Девушку звали Даша Воронцова. Блондинка с длинными ресницами. Я тревожно вглядывался в бледное худое лицо, покрытое иссиня-черными кровоподтеками.
— Начнем? — Руслан вздохнул (вместе с ним вздохнули родственники жертвы, они сидели в углу).

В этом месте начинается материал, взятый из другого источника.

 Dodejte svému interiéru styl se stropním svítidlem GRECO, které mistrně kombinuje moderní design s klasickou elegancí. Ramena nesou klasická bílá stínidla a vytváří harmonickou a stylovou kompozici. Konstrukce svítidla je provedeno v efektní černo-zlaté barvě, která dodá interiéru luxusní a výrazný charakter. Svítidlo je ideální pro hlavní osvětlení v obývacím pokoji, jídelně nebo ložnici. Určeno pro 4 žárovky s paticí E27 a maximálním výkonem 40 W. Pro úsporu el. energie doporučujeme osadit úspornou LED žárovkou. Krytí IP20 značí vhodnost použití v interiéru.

Он подал знак. Андрей подошел к койке, разложил на одеяле облатки, символы, иконы. Руслан облачился в белый стихарь, встал у изголовья и обеими руками обхватил голову Даши. Андрей помазал ей лоб миром. Я раскрыл книгу в кожаном переплете, на обложке золотом было оттиснено: Via Vite. Начал вслух декламировать текст, сочиненный в офисе. Какие-то псалмы, состоящие в кровосмесительном родстве с библейскими.
Как я понял, нас просили „снять грех с оскверненной души“. Повернуть время вспять, отменить сам факт.

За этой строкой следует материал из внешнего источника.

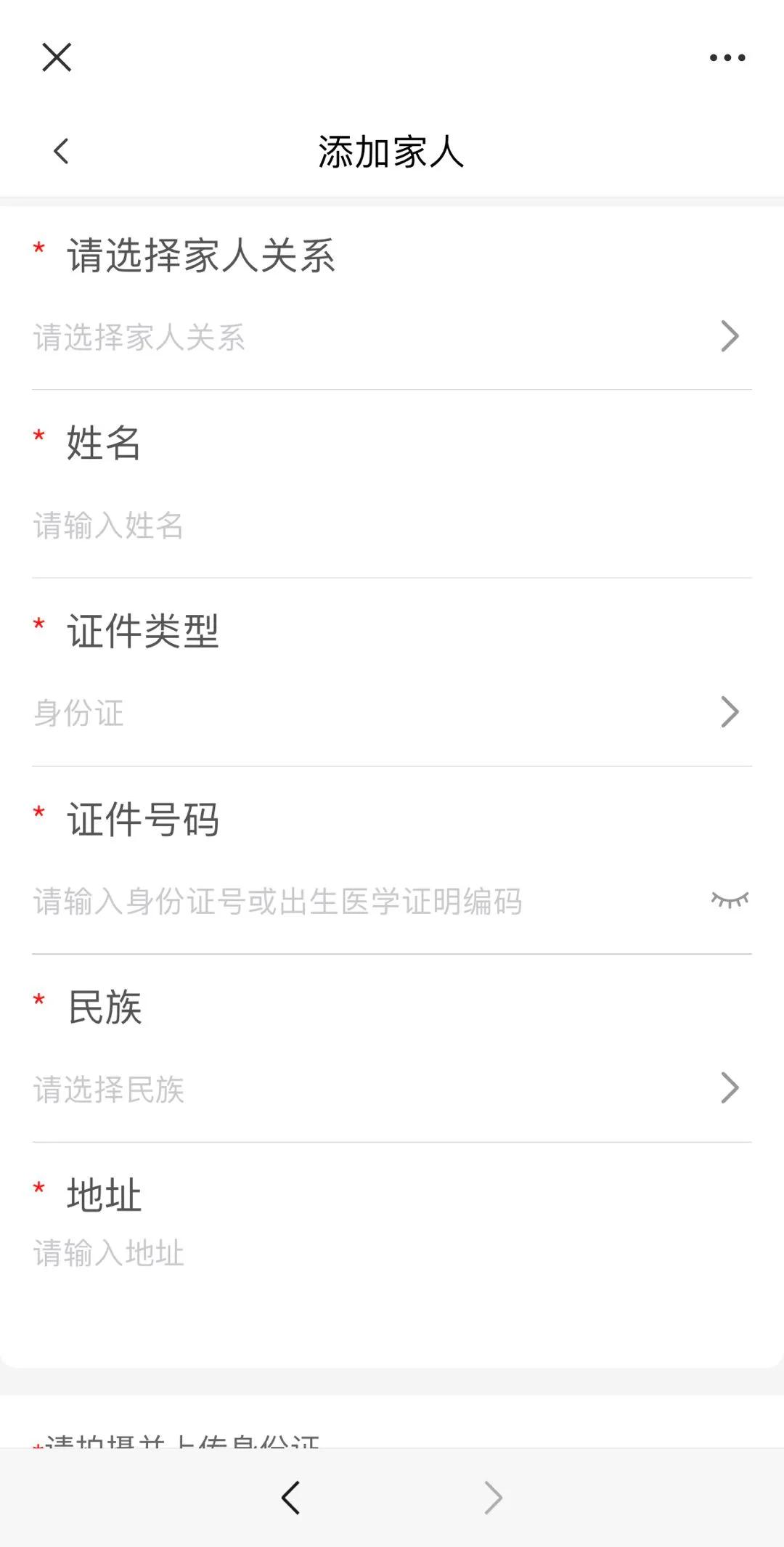 3如实填写家人信息,如家里孩子没有身份证,则“证件类型” 选择“户口本”,上传户口本本人页照片。

Через неделю мы с Русланом приехали на старенькой „копейке“ (негоже священникам сверкать иномарками) проведать Дашу. В дверях палаты нас остановила жирная очкастая медсестра. По лицу видно — всех ненавидит, а больных сугубо.
— Куда претесь? — голос ее смахивал на фабричный гудок. Да и сама она была с целую фабрику.

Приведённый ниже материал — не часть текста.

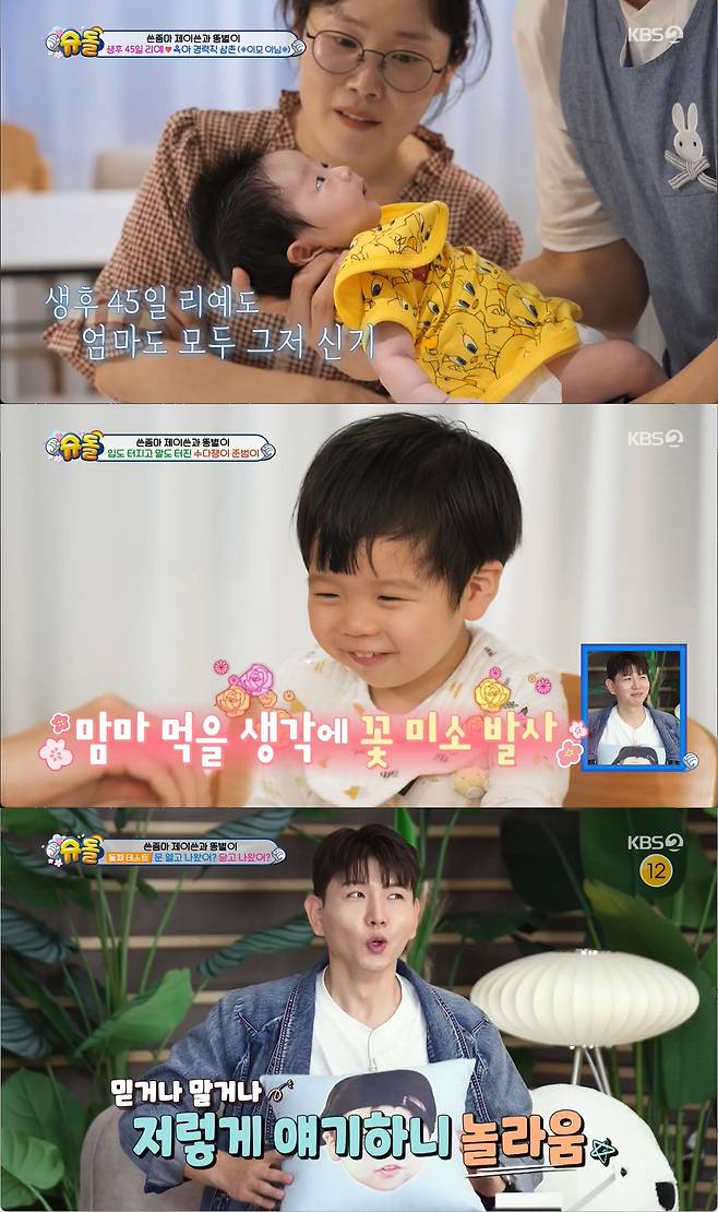 제이쓴 아들 준범이가 '동생'을 시사해 제이쓴을 놀라게 했다.

— Куда-куда? — я завелся. — К тебе на свидание! К больной!
— Успокойся, — Руслан взял меня за руку. С очаровательной улыбкой обратился к медсестре:
— Можно повидать Воронцову?
Медсестра зарделась.
— Да вы поздно. Она скончалась.
— Как? — я выступил вперед. — Давно?
— Два часа назад, — медсестра смятенно улыбнулась Руслану. — Через полчаса вывезут.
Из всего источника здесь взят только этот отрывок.